(Saved data entries)
::::::::::
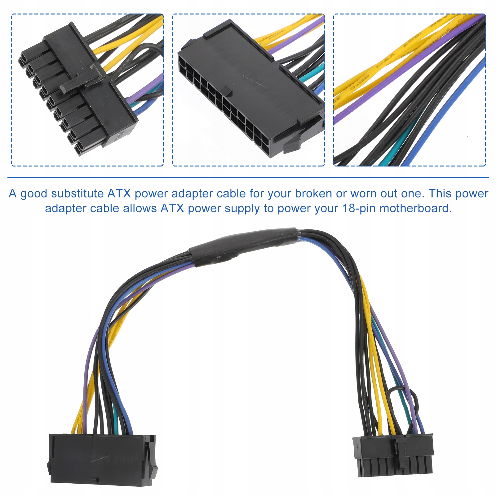 ✅ Цей кабель живлення дозволяє блоку живлення ATX подавати 18-контактну материнську плату.
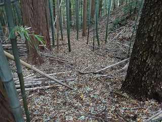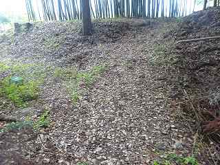 | 町屋部分の城塁。 | 民家の上の竹ヤブの奥に残されている堀の残欠。かなり大規模なものである。 |
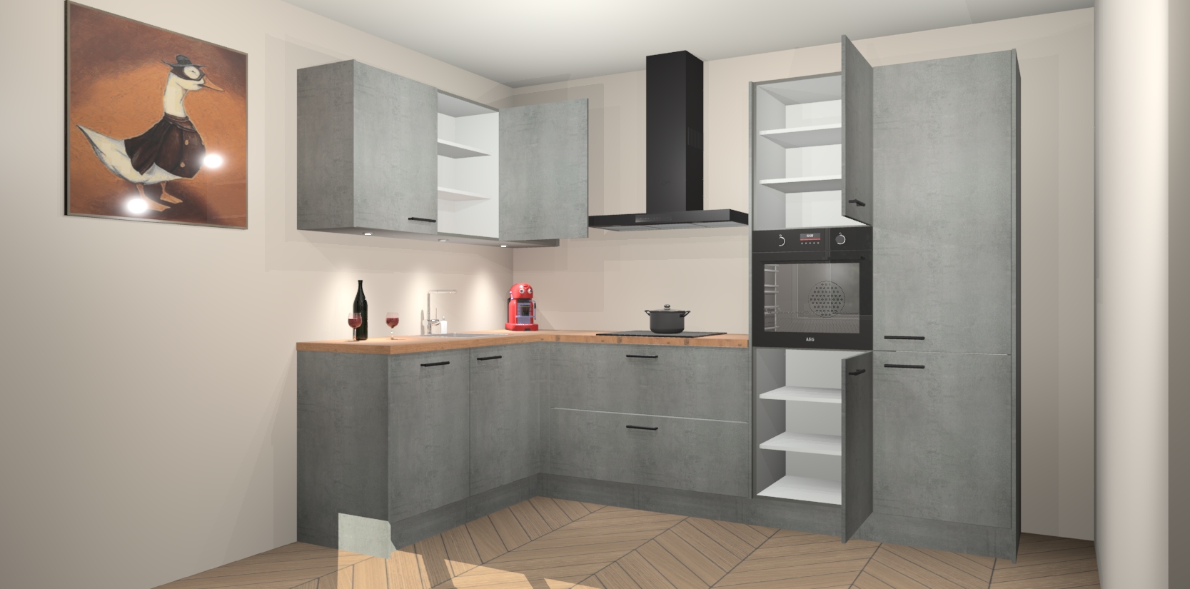 De Beton Parelgrijs keuken Cognac gaat alleen maar om de beste keukenervaring. Kies gewoon de beste apparatuur en ongeëvenaarde Duitse constructie die u thuis wilt hebben en verander uw huiskamer hartelijkheid meteen in professionaliteit. Laat de toon weten dat u gemakkelijk kan genieten van alle luxe die u verdiend? Bestel nu de Beton Parelgrijs keuken Cognac voor bij u thuis!
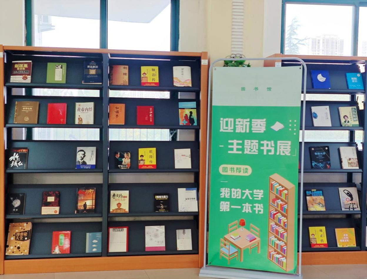 与此同时,图书馆二楼的“开启大学第一课”专题微书展已悄然布展,从学业规划指南到青春成长读物,从人文经典到生活百科,一本本精心挑选的书籍整齐陈列,为校园增添了浓厚的书香氛围。
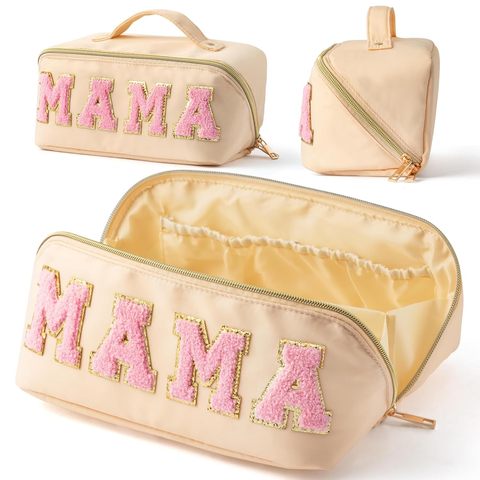 Neceser de maquillaje con letras personalizadas al por mayor, neceser impermeable de nailon de gran capacidad, neceser de viaje portátil con cremallera, Neceser de maquillaje para mujer
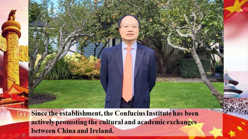 黄河在致辞中充分肯定了高威大学孔子学院成立以来克服疫情带来的困扰,积极作为,在中文、中医教学和促进中爱人文交流方面所做出的贡献,并通过高威大学孔子学院向在爱的孔子学院师生以及广大同胞致以节日的祝福。
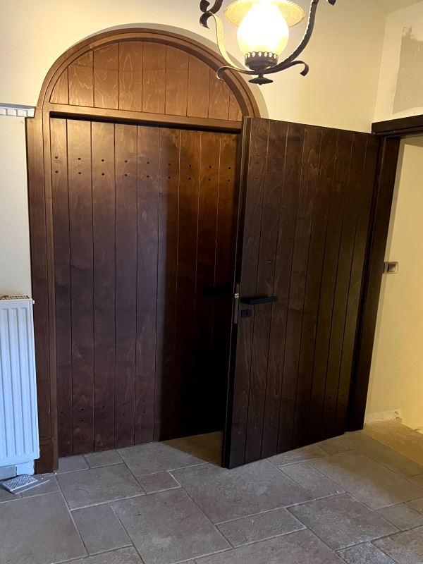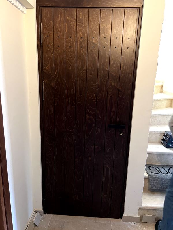 Συρόμενη πόρτα πρεσαριστή από κόντρα πλακέ θαλάσσης σημύδα , με κινισιές και μηχανισμό αχυρώνα. Βαμμένη με οικολογικό χρώμα.
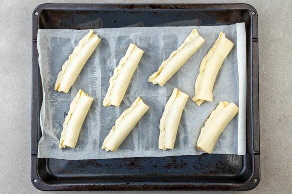 Die Teige mit dem Papier nach unten auf zwei Backblechen ausrollen und jeweils in 8 Rechtecke schneiden. Die Hackfleischmasse mit den Händen zu 16 Würsten formen und mittig auf jeweils ein Teigrechteck legen. Die Teigenden darüberklappen und mit den Fingern festdrücken.
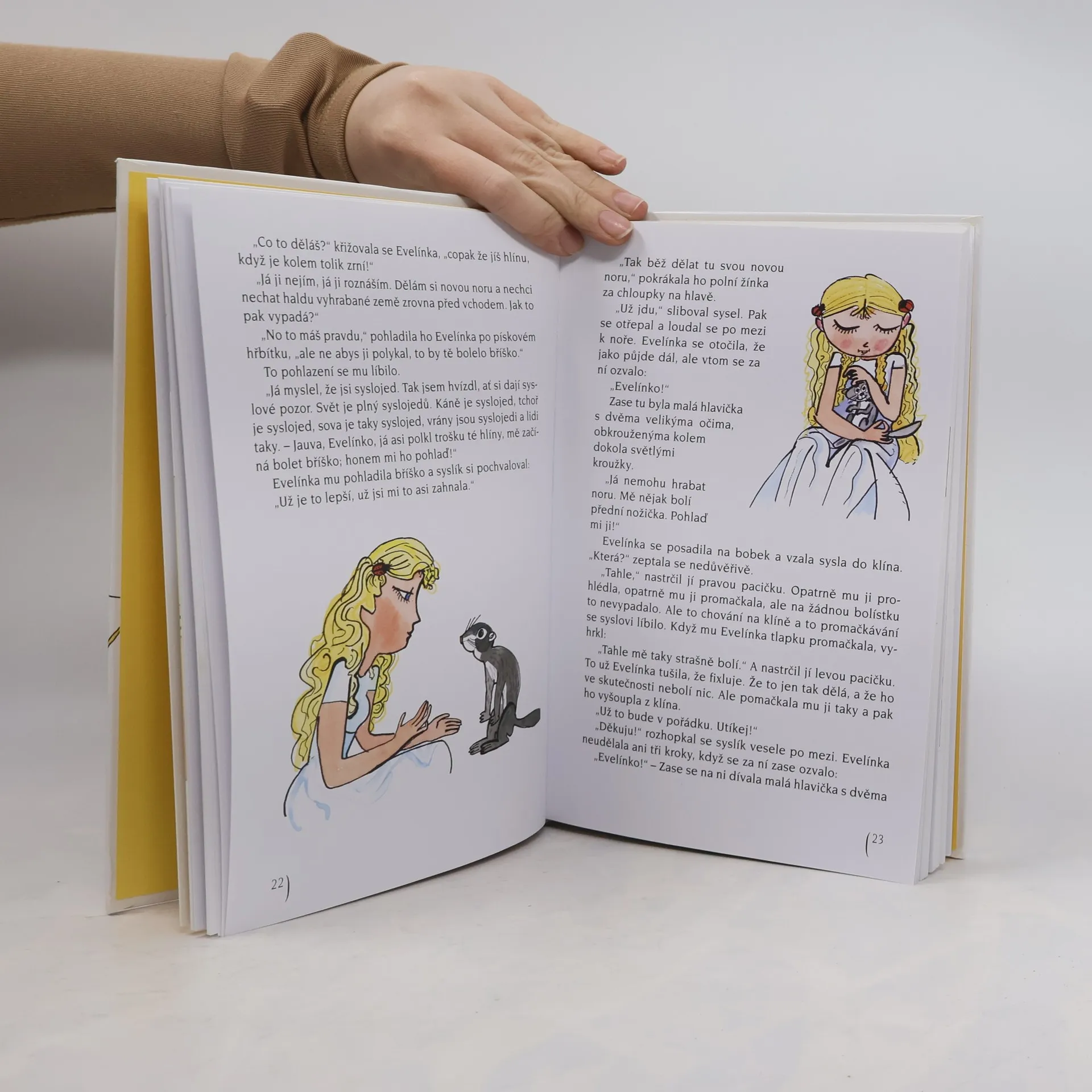 Polní žínka Evelínka autora Františka Nepila má vlasy jako len, zelenkavé oči v barvě přesličky, pas útlý jako vážka a celá je jako z pavučinky. Stará se o všechno, co roste a žije v polích, o rostliny i zvířátka, a lhostejní jí nejsou ani lidé...
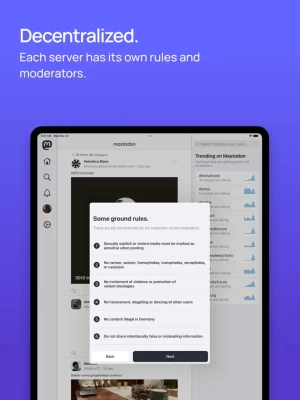 Mastodon is built with a focus on privacy and safety. Decide whether your posts are shared with your followers, just the people you mention, or the whole world. Content warnings let you hide posts containing sensitive or triggering material until you're ready to engage with them. Each community has its own guidelines and moderators to keep its members safe, and robust blocking and reporting tools help prevent abuse.
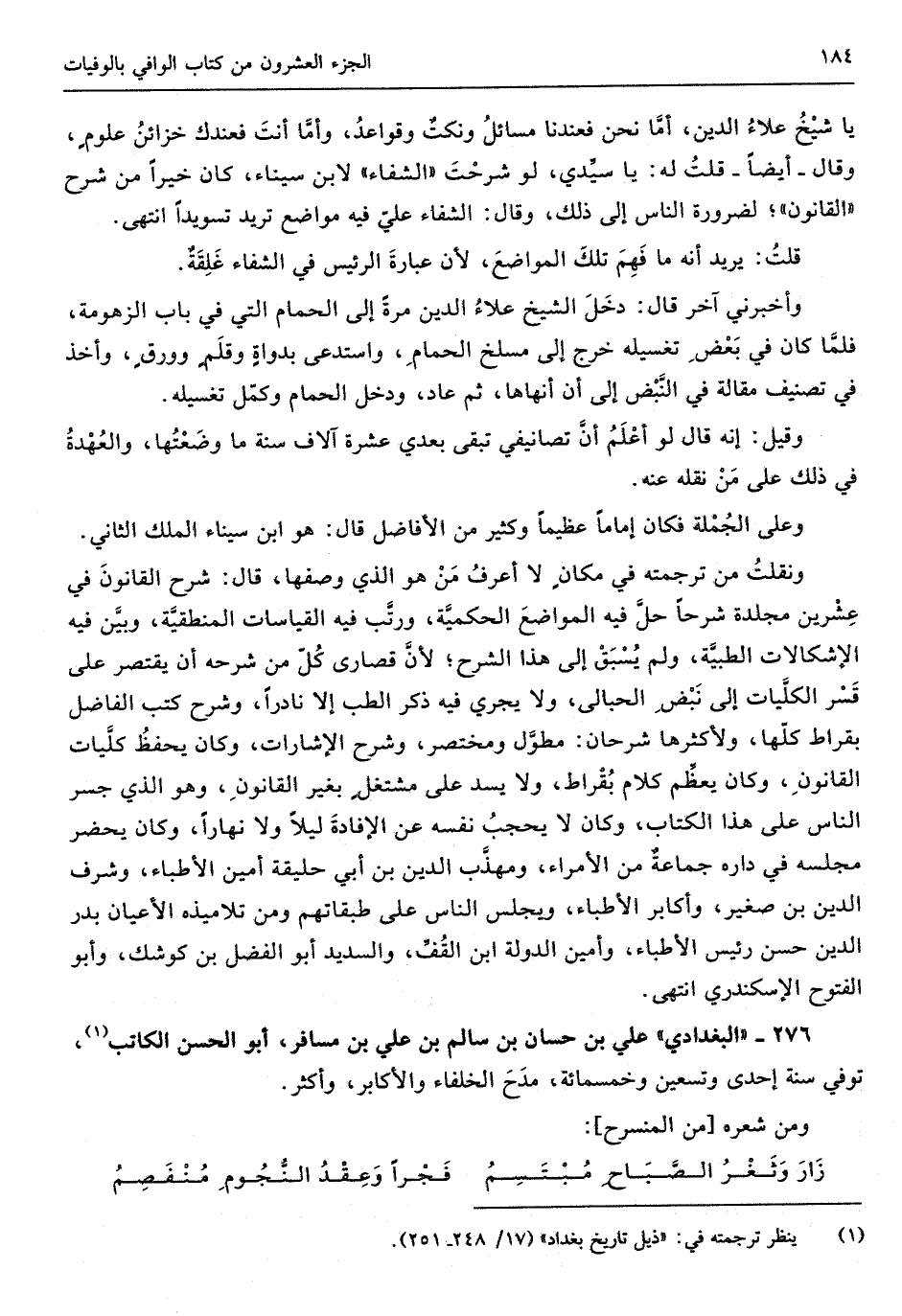 276 - الْبَغْدَادِيّ عَليّ بن حسان بن سَالم بن عَليّ بن مُسَافر أَبُو الْحسن الْكَاتِب توفّي سنة إِحْدَى وَتِسْعين وَخَمْسمِائة مدح الْخُلَفَاء والأكابر وَأكْثر وَمن شعره // (من المنسرح) //
::::::::::
Copy only these lines from the records above, exactly: the one with "Die Teige mit", the one with "Polní žínka Evelínka", and those between. Skip the pictures.

 Die Teige mit dem Papier nach unten auf zwei Backblechen ausrollen und jeweils in 8 Rechtecke schneiden. Die Hackfleischmasse mit den Händen zu 16 Würsten formen und mittig auf jeweils ein Teigrechteck legen. Die Teigenden darüberklappen und mit den Fingern festdrücken.
 Polní žínka Evelínka autora Františka Nepila má vlasy jako len, zelenkavé oči v barvě přesličky, pas útlý jako vážka a celá je jako z pavučinky. Stará se o všechno, co roste a žije v polích, o rostliny i zvířátka, a lhostejní jí nejsou ani lidé...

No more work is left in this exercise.